Linköpings universitet/Linköping University | IDA Bachelor, 16hp | Innovativ programmering (IP) Spring term 2021 | LIU-IDA/LITH-EX-G--21/060—SE
Evaluation Of Methods For Automatically
Deciding Article Type For Newspapers
Adam Eriksson
Rita Kovordanyi Jalal Maleki
Linköpings universitet/Linköping University | IDA Bachelor, 16hp | Innovativ programmering (IP) Spring term 2021 | LIU-IDA/LITH-EX-G--21/060—SE
Upphovsrätt
Detta dokument hålls tillgängligt på Internet – eller dess framtida ersättare – under 25 år från
publiceringsdatum under förutsättning att inga extraordinära omständigheter uppstår.
Tillgång till dokumentet innebär tillstånd för var och en att läsa, ladda ner, skriva ut enstaka kopior för
enskilt bruk och att använda det oförändrat för ickekommersiell forskning och för undervisning.
Överföring av upphovsrätten vid en senare tidpunkt kan inte upphäva detta tillstånd. All annan
användning av dokumentet kräver upphovsmannens medgivande. För att garantera äktheten, säkerheten
och tillgängligheten finns lösningar av teknisk och administrativ art.
Upphovsmannens ideella rätt innefattar rätt att bli nämnd som upphovsman i den omfattning som god
sed kräver vid användning av dokumentet på ovan beskrivna sätt samt skydd mot att dokumentet ändras
eller presenteras i sådan form eller i sådant sammanhang som är kränkande för upphovsmannens litterära
eller konstnärliga anseende eller egenart.

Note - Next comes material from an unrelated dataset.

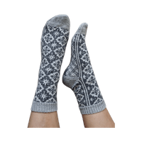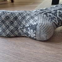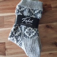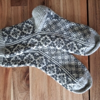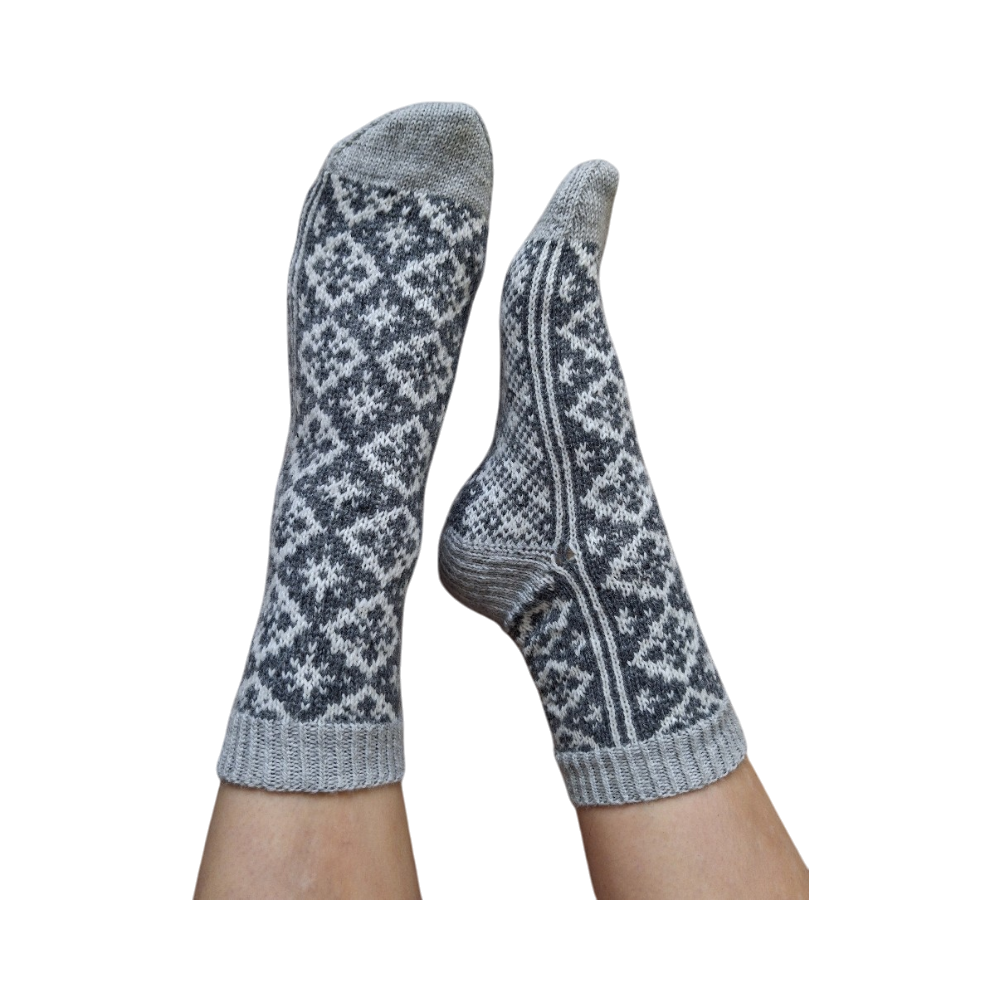 Kösin neulotut harmaakuvioiset kirjoneule villasukat, koko noin 38-40. Villaa, merinovillaa ja polyamidia. Varren pituus noin 13 cm, leveys 9,5 cm, pohjan pituus noin 23,5 cm.

För ytterligare information om Linköping University Electronic Press se förlagets hemsida
https://ep.liu.se/
.
Copyright
The publishers will keep this document online on the Internet – or its possible replacement – for a period
of 25 years starting from the date of publication barring exceptional circumstances.
The online availability of the document implies permanent permission for anyone to read, to
download, or to print out single copies for his/hers own use and to use it unchanged for non-commercial
research and educational purpose. Subsequent transfers of copyright cannot revoke this permission. All
other uses of the document are conditional upon the consent of the copyright owner. The publisher has
taken technical and administrative measures to assure authenticity, security and accessibility.
According to intellectual property law the author has the right to be mentioned when his/her work is
accessed as described above and to be protected against infringement.
For additional information about the Linköping University Electronic Press and its procedures for
publication and for assurance of document integrity, please refer to its www home page:
https://ep.liu.se/.
Evaluation Of Methods For Automatically Deciding Article
Type For Newspapers
Adam Eriksson
Linköping, Sweden
adaer173@student.liu.se
ABSTRACT
For each article written today at most modern newspapaers the journalist or someone else at the paper also has to fill in metadata about the article into their Content Management System. This thesis report investigates the possibility of automatically determining the type of article. This is done using two commonly used algorithms within NLP. The goal of the thesis is to evaluate what kind of performance can be achieved using different numbers of articles to train. The best results are achieved when the dataset is as big as possible while still maintaining a balance between article types. Both the accuracy and F1-score got up to 0.78-0.79 for both algorithms with up to 10 000 articles/type used for training.
INTRODUCTION
Metadata is becoming more and more important in the media industry [1], both for decisions of where to show the content as well as for statistical analysis of live and historic articles. The burden of creating even more metadata is often given to the journalist writing the article which leads to metadata taking up more of the journalist’s time. This often leads to wasting the journalist's time and low quality of the metadata being produced since the ones doing it are not experts in metadata.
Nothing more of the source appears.